Inability to complete the needed investigational and standard imaging examinations due to any reason (e.g., severe claustrophobia, inability to lie still for the entire imaging time, unwillingness).
Major surgery within 30 days or external beam radiotherapy within 14 days prior to ICF signature.
Prostate cancer patients with a superscan (diffuse increased skeletal radioisotope uptake with absent or faint urinary tract and soft tissue uptake as seen on the bone SPECT/CT scan with a 99mTc phosphonate radiotracer).
Start of a new systemic or localized anticancer therapy or change in dose or regimen of anticancer therapy within 28 days prior to the administration of [111In]In-MC-760. A patient receiving stable systemic or localized anticancer therapy within 28 days prior to the administration of [111In]In-MC-760 and throughout the study (i.e., until final safety follow-up call) is eligible, provided that study participation does not interfere with the patient’s anticancer therapy.

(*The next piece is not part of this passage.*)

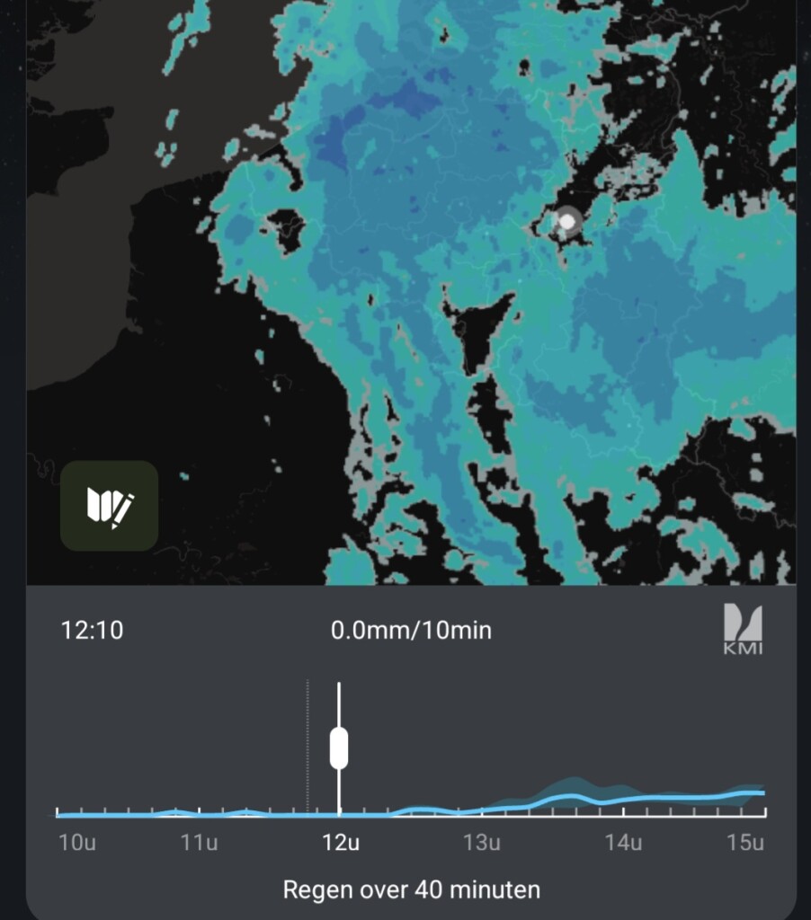 16,5 mm nu en het regent nog door. Arome gaat voor 30-40 mm hier.

Treatment with B7-H3-targeted therapy within 5 biological half-lives prior to [111In]In-MC-760 administration.
Patients who were administered any RLT, RLI, or radioisotope within 10 physical half-lives (for that radioisotope) before the administration of [111In]In-MC-760 and throughout the study (i.e., until final safety follow-up call).
Participation in any other interventional investigational trial at the time of ICF signature. Patients involved in a previous interventional investigational study that have completed treatment and are solely under observation or in long-term follow-up are eligible.